Nel Triangolo delle Bermuda le navi scompaiono davvero? Il mistero potrebbe in realtà avere ora una ragione scientifica sulla base di una recente review che attribuisce un ruolo chiave al Mar dei Sargassi. Ecco perché
Il mistero del Triangolo delle Bermuda, dove sembra che le navi scompaiano a ritmi molto più veloci di ogni altro punto del Pianeta, potrebbe avere ora una spiegazione scientifica: una recente review condotta dalla University Hospital of Martinique (Francia) e pubblicata sul Journal of Global Health attribuisce un ruolo chiave al Mar dei Sargassi. Che potrebbe essere duplice.

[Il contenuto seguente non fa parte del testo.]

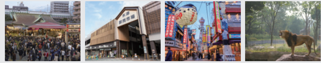
©(公財)大阪観光局 今宮戎神社 (ホテルより徒歩約7分) ©(公財)大阪観光局 大阪木津卸売市場 (ホテルより徒歩約5分) ©(公財)大阪観光局 新世界 (ホテルより徒歩約15分) ©(公財)大阪観光局 天王寺動物園 (ホテルより徒歩約15分)

Il Triangolo delle Bermuda è un tratto di oceano di circa 500mila chilometri, situato tra Florida, Porto Rico e Bermuda. Decine di aerei e centinaia di navi sono scomparse misteriosamente qui, per questo l’area è protagonista di diverse leggende, tanto da essere soprannominata anche Triangolo del Diavolo o Triangolo maledetto.
Negli anni, sono state avanzate diverse teorie per spiegare le cause di tali catastrofi. C’è chi parla di forze paranormali, di interferenze elettromagnetiche che rompono le bussole, maltempo, forti correnti del Golfo o grandi depositi sottomarini di metano.
Nel 2018, poi, uno studio guidato dall’Università di Southampton (UK) sosteneva che le sparizioni erano dovute a onde alte 30 metri scatenate da tempeste provenienti da ogni direzione.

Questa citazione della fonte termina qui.